Леанна отодвинулась назад и изумленно посмотрела на него.
– Что?
– Твоего настоящего имени. Я его не знал. Вот почему я к тебе не пришел. Я не мог тебя найти. Я полетел в Дубай. Нанял частного детектива. Сделал все, что мне только пришло в голову, – он усмехнулся, – и в том числе чуть не свел своих братьев с ума. – Его улыбка растаяла. – А затем, когда я уже оставил всякую надежду, мой отец уговорил меня пойти на концерт в…
– В «Мюзик-холл»! Я знала, что ты там был! Я это чувствовала. Ах, Кэм…
Кэм целовал ее долго и с наслаждением.
– Извини, если я напугал тебя сегодня.
– Ты меня сильно взволновал. Когда я поняла, что это ты…
– Саломея. Я хотел сказать, Леанна…
– Нет.
Она поцеловала его, а на ее губах заиграла лукавая усмешка.
– Саломея, – прошептала она. – Мне это нравится гораздо больше.
Кэм опрокинул ее на спину и замер над ней.
– Я больше никогда тебя не оставлю.
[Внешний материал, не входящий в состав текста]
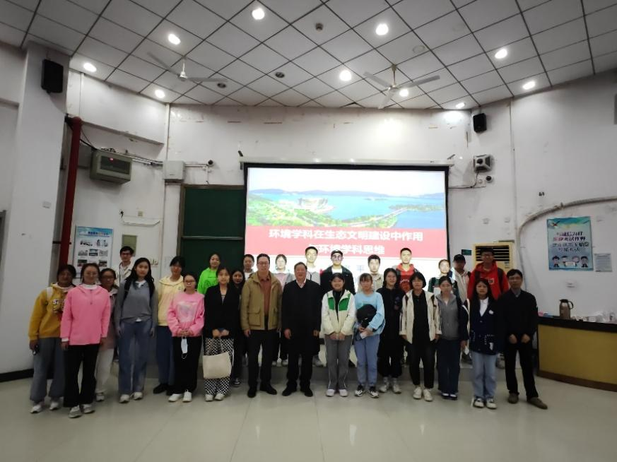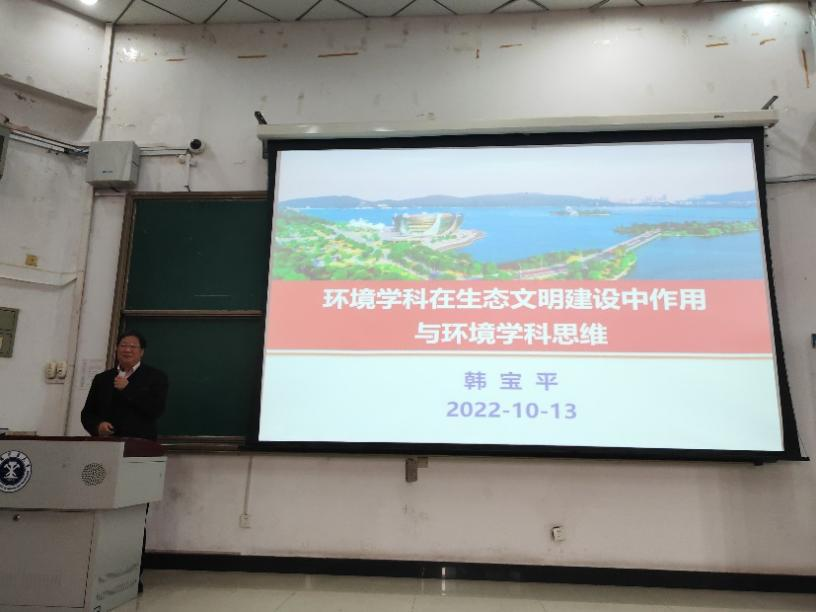 副院长周来主持,环境学科部分教师、研究生新生、本科生新生等参加了报告会。

Наградой за эти слова ему стал еще один поцелуй.
– А я тебе и не позволю.
– Просто мне надо держать тебя в таком месте, где ты все время будешь у меня перед глазами.
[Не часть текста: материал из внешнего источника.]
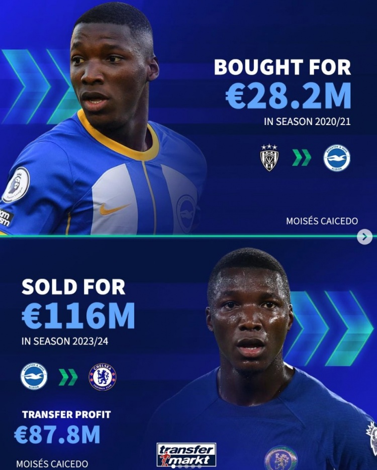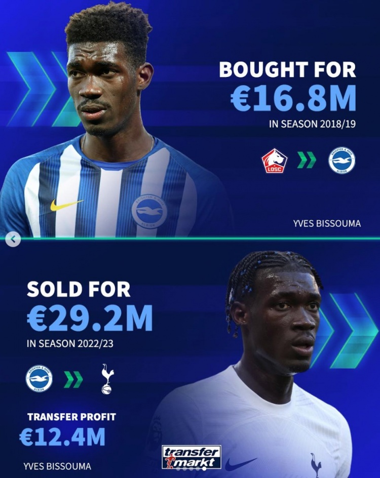 3月3日訊 《轉會市場》統(tǒng)計了布萊頓近年的5筆低買高賣轉會操作,共計凈賺超過2億歐元。

Его взор затуманился. Он наклонился к ней и поцеловал ее в шею.
– В постели, со мной.
– Ммм.
– Какие-то возражения?
– Ммм, – снова произнесла Леанна и слегка пошевелила бедрами.
– Ну конечно, – сказал он хриплым голосом. – Мне в голову приходит еще один способ.
– Да?
– Саломея, моя любимая танцовщица, ты станешь моей женой?
Леанна ответила ему на это долгим и нежным поцелуем.